Try it = Skip the pictures and retype exactly the lines from the one holding "On va vous exploiter" through the end of the entries.

Source information =
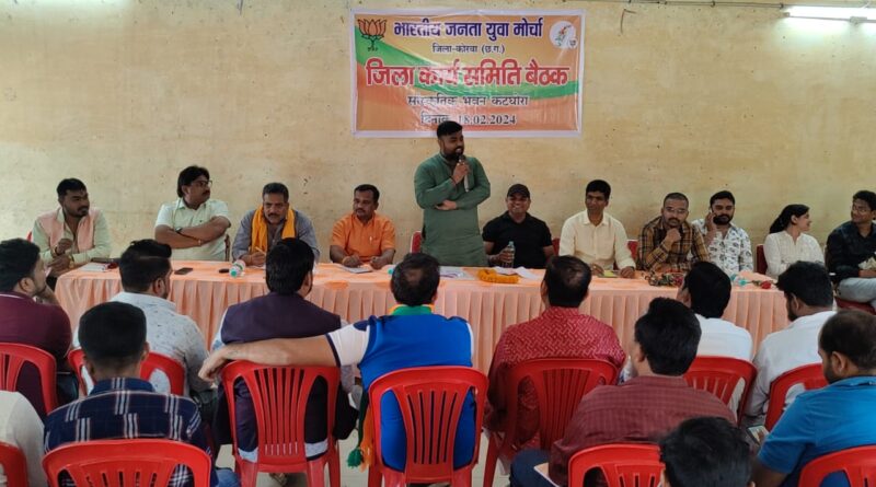 कोरबा/कटघोरा- आगामी लोकसभा चुनाव के मद्देनजर भारतीय जनता पार्टी में बैठकों का दौर चल रहा है एक तरफ जहां भाजपा की राष्ट्रीय अधिवेशन दिल्ली में चल रही है तो वहीं पार्टी के युवा मोर्चा की बैठकों का दौर राष्ट्रीय,प्रदेश और जिला स्तर पर जारी है।
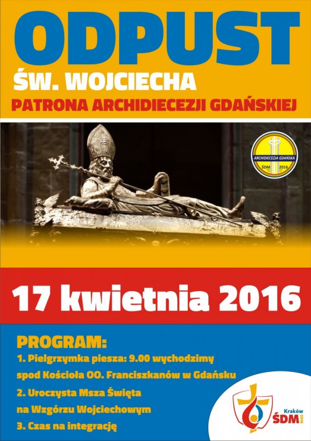 Piesza Pielgrzymka Młodych do Diecezjalnego Sanktuarium w Św. Wojciechu odbędzie się 17 kwietnia 2016 r. Miejscem zbiórki jest plac przed kościołem Świętej Trójcy w Gdańsku (OO. Franciszkanie). Zbiórka o godz. 8.45. Wspólne wyjście o godz. 9.00. Po dojściu pielgrzymki na Wzgórze Św. Wojciecha będzie o godz. 12.00 uroczysta Msza Święta odpustowa, w czasie której odnowimy nasze przyrzeczenia chrzcielne z okazji 1050 Rocznicy Chrztu Polski.
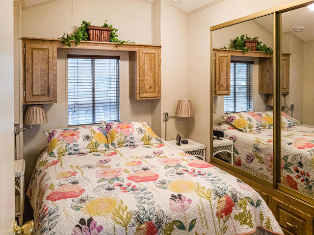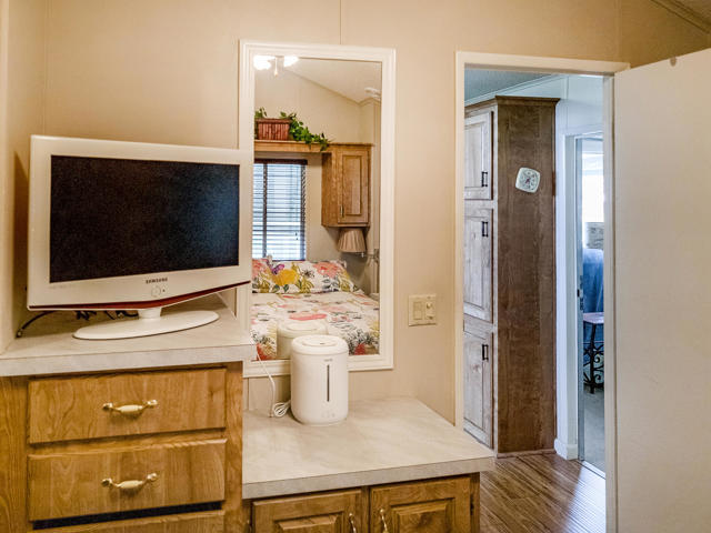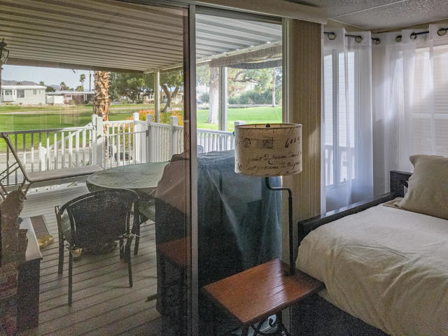 This inviting vacation retreat is conveniently located near the clubhouse and boasts stunning mountain vistas on the 2nd hole fairway of the golf course. The efficient Park Model home, built in 1991 and measuring approximately 550 sq. ft., features one bedroom, one bathroom, and a versatile California room that can serve as a second bedroom or office. Relax on your wind-protected deck while admiring lush landscaping and enjoying the soothing sounds of a nearby fountain. Notable upgrades include new flooring, counters, and backsplash, a new refrigerator, reverse osmosis water filtration at the kitchen sink, and a washer/dryer housed in the shed. To enhance energy efficiency, the roof has been white coated, and there is paved parking available. This charming home is part of the beautiful 55+ Caliente Springs Resort, offering amenities such as mineral-rich hot spring pools and spas, an executive 9-hole golf course, laundry facilities, chapel services, eight pickleball courts, and much more. Beyond the home itself, residents enjoy a vibrant, friendly community where social events and group activities are always on the calendar, providing opportunities to connect with neighbors and embrace the active resort lifestyle. Whether you're taking a morning dip in the mineral pools, joining a game of pickleball, or simply unwinding with the tranquil views from your deck, this retreat offers the perfect blend of relaxation and recreation in a beautifully maintained environment. With everything conveniently close at hand and picturesque surroundings to match, this is an ideal place to make the most of resort living year-round. Lot is not included; space rent is $811 per month.
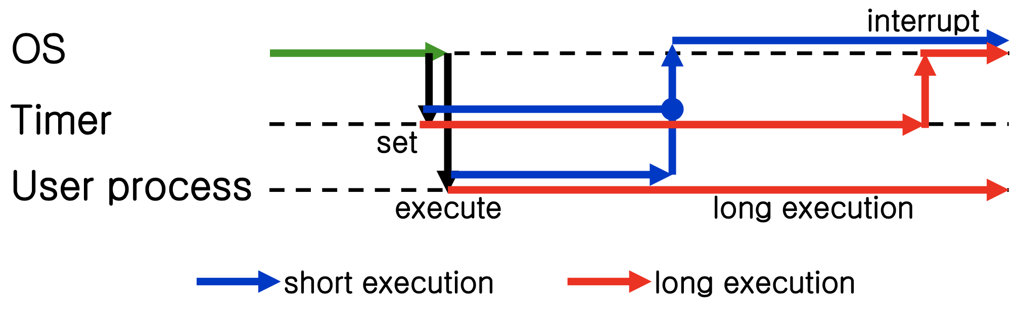 - 지나치게 긴 실행에 대한 대응: 타이머 인터럽트(Timer Interrupt)
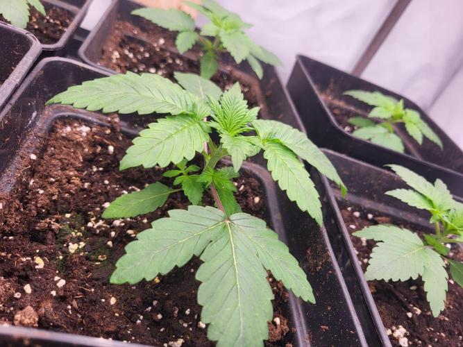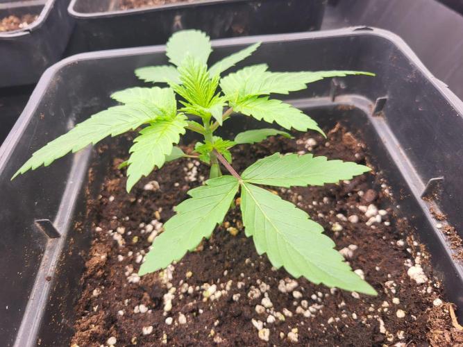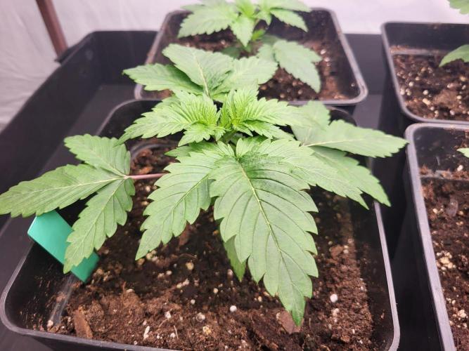 Breaking-Bud En la foto del día 7, se observan algunas hojas arrugadas, posiblemente por exceso de agua en sustrato, ya que el light mix de biobizz no drena tan bien el agua, al no haber gran sistema radicular para absorber el agua.
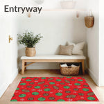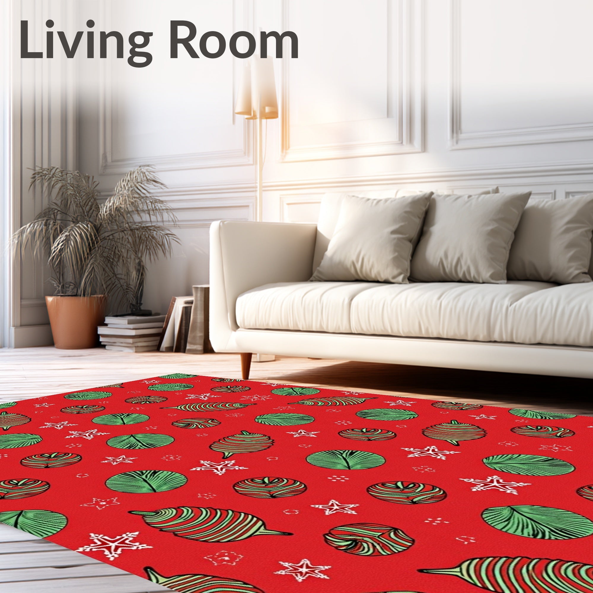 Ultra Soft Area Rug, Non Slip, Stain Resistant, Washable Area Rugs for Living Room, Bedroom, Holiday Pinecone Medley Motif with Frosted Accents(Red) Overview:
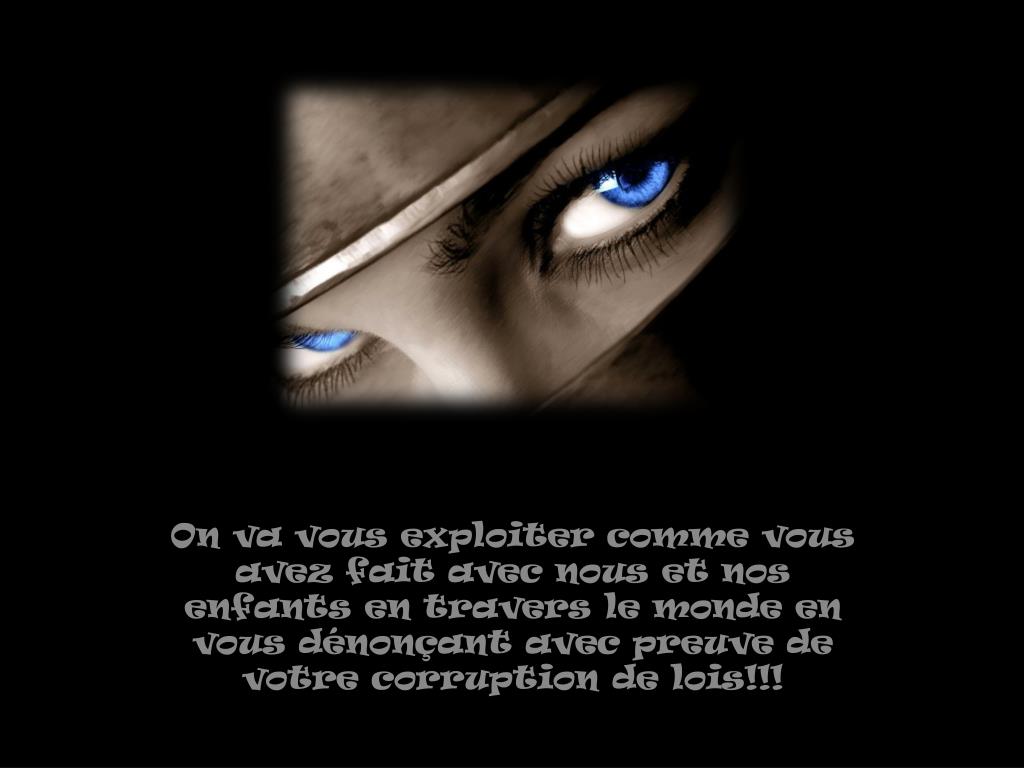 On va vous exploiter comme vous avez fait avec nous et nos enfants en travers le monde en vous dénonçant avec preuve de votre corruption de lois!!!
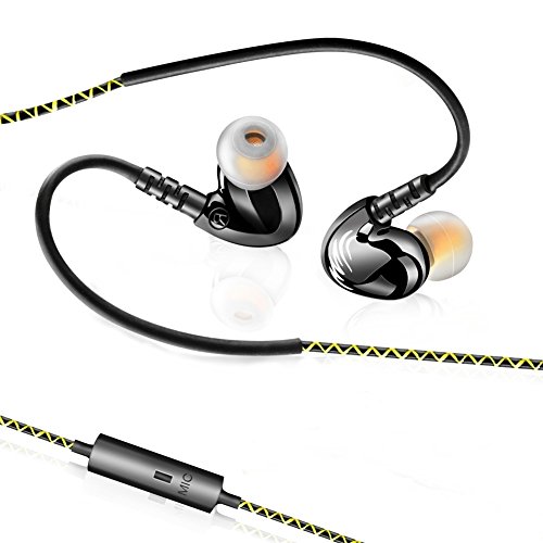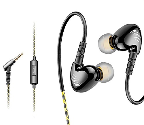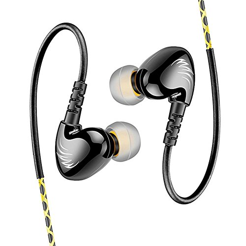 Wired Earphones, UNEGO Ergonomic Sweatproof Noise Cancelling Over Ear Earbuds Bass Stereo In-Ear Headphones with Mic Earhook 3.5mm Jack HIFI Audio for IPhone Android Smartphones Tablets (Black)

Exercise solution =
 On va vous exploiter comme vous avez fait avec nous et nos enfants en travers le monde en vous dénonçant avec preuve de votre corruption de lois!!!
 Wired Earphones, UNEGO Ergonomic Sweatproof Noise Cancelling Over Ear Earbuds Bass Stereo In-Ear Headphones with Mic Earhook 3.5mm Jack HIFI Audio for IPhone Android Smartphones Tablets (Black)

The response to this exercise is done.